Collection entries:
· · · · · · ·

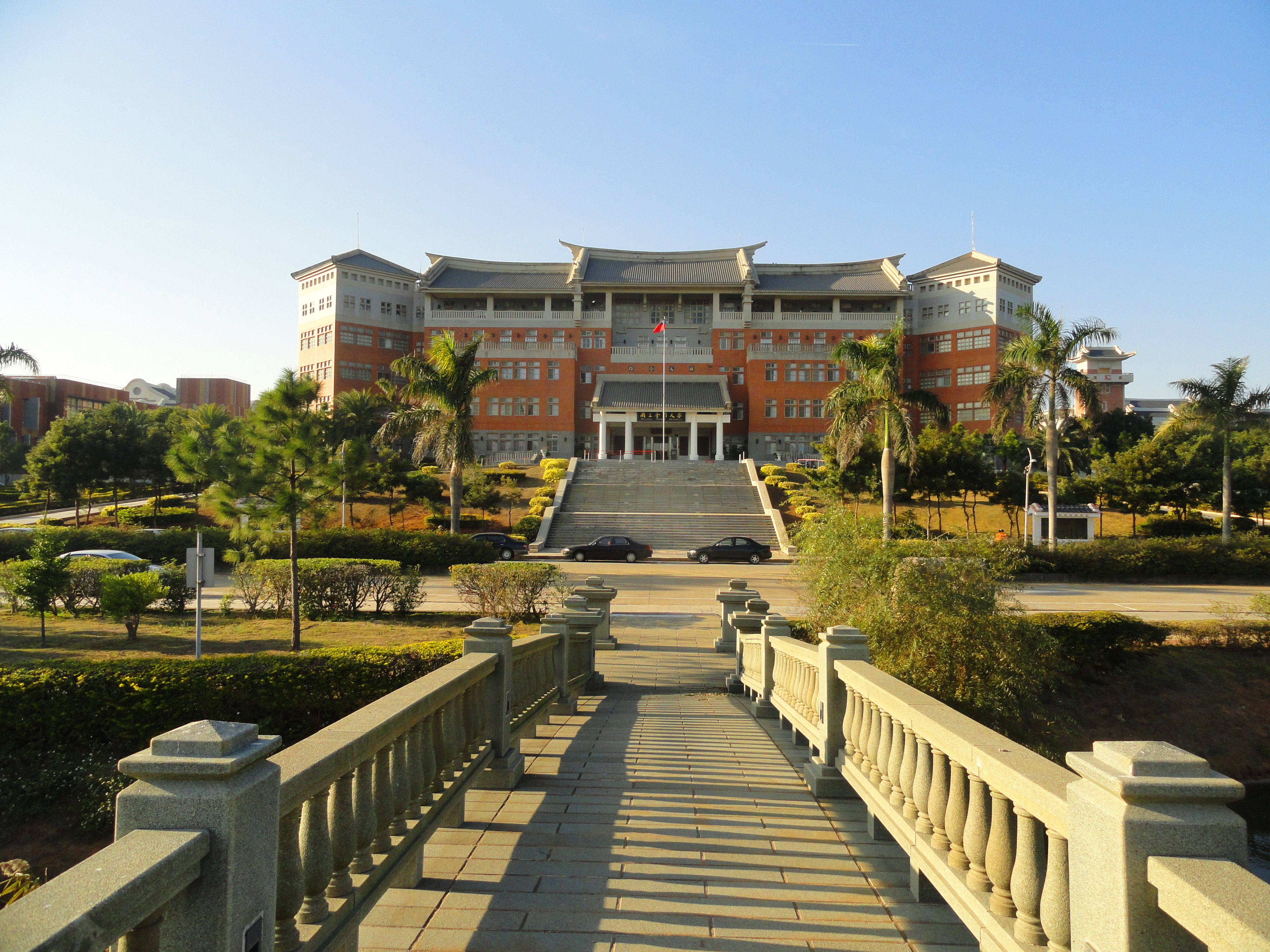 National Quemoy University中文（中国大陆）: 国立金门大学综合教学大楼正面
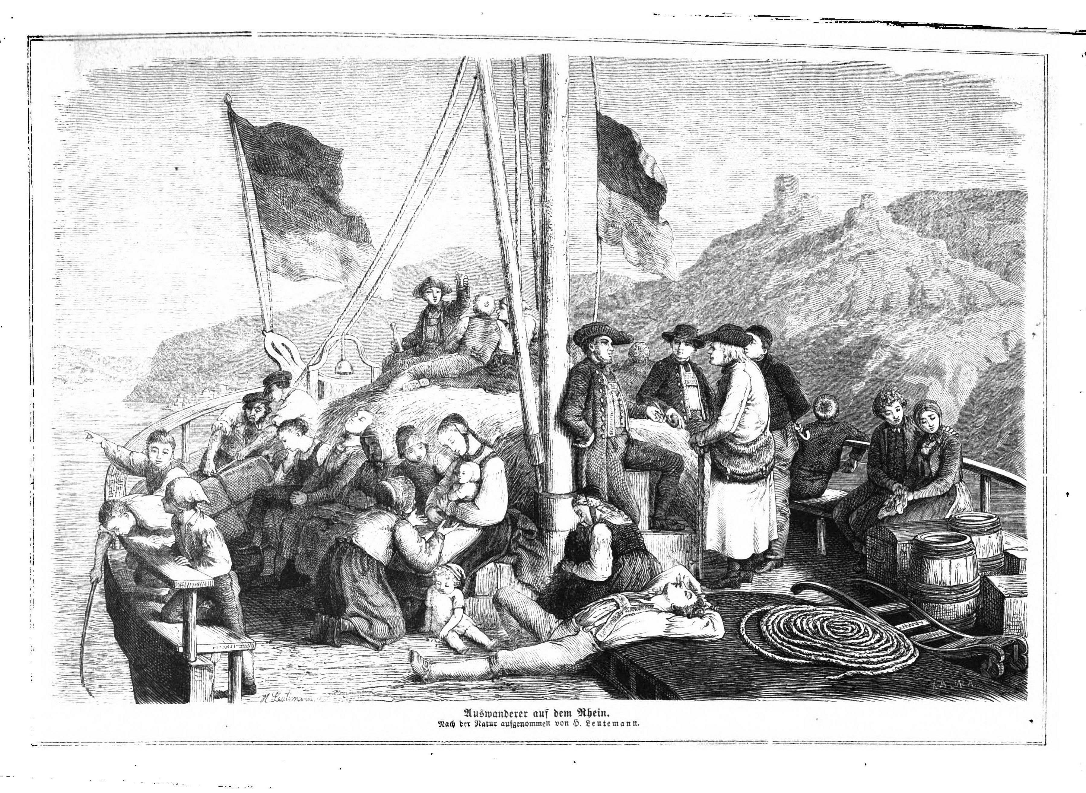 no caption
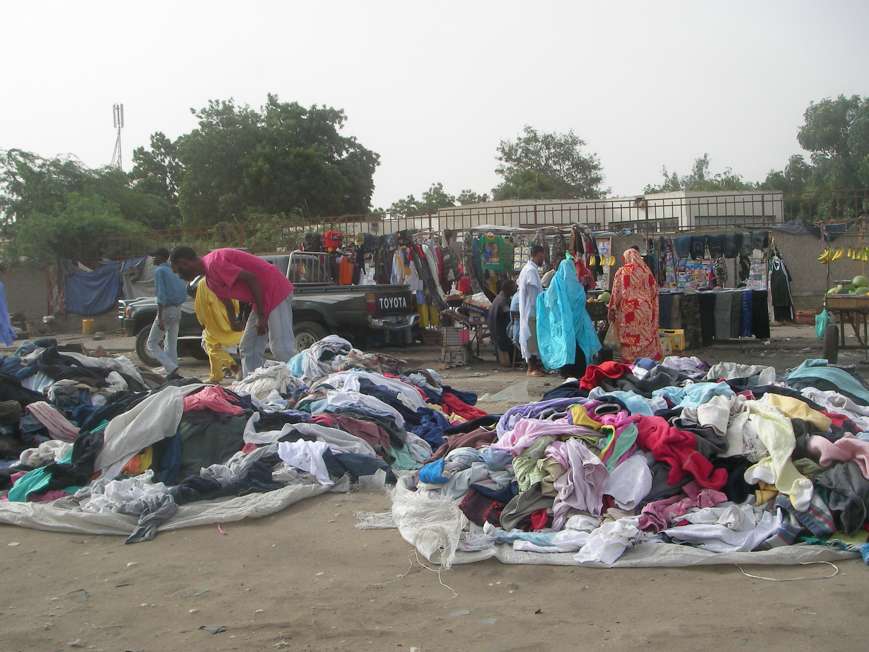 Street sellers in Nouakchott (Mauritania)
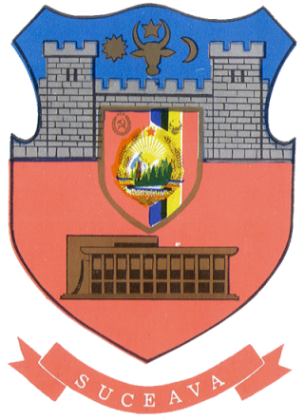 Communist coat of arms of Suceava municipality, Suceava County, Socialist Republic of Romania.
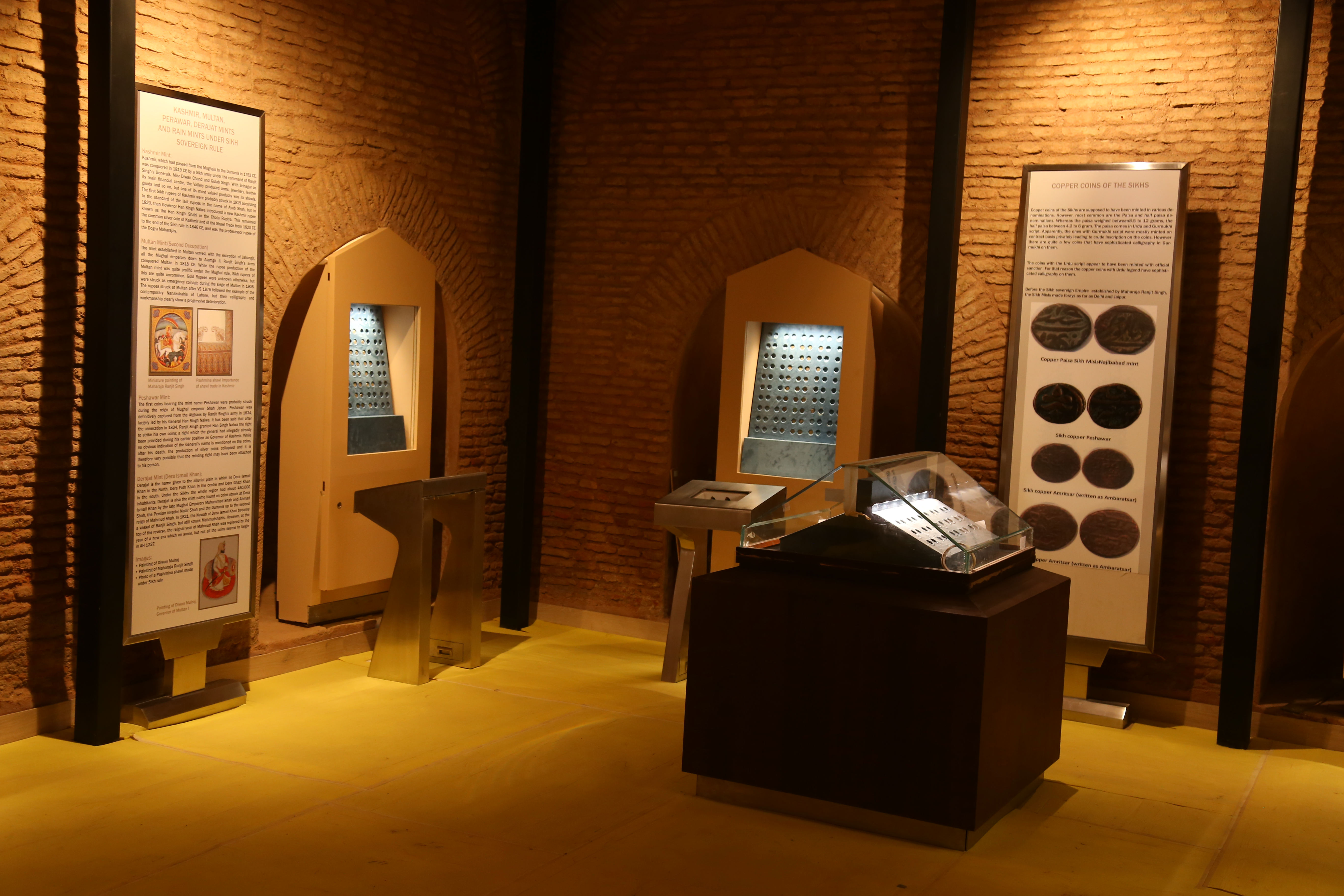 The Toshakhana, inner view.

· · · · · · ·

**DIRECTIONS**
Look above for the line containing "Street sellers in Nouakchott (Mauritania)", then retype it and each line after it to the end of the records, exactly and without pictures.

**SOLUTION TO THIS TASK**
 Street sellers in Nouakchott (Mauritania)
 Communist coat of arms of Suceava municipality, Suceava County, Socialist Republic of Romania.
 The Toshakhana, inner view.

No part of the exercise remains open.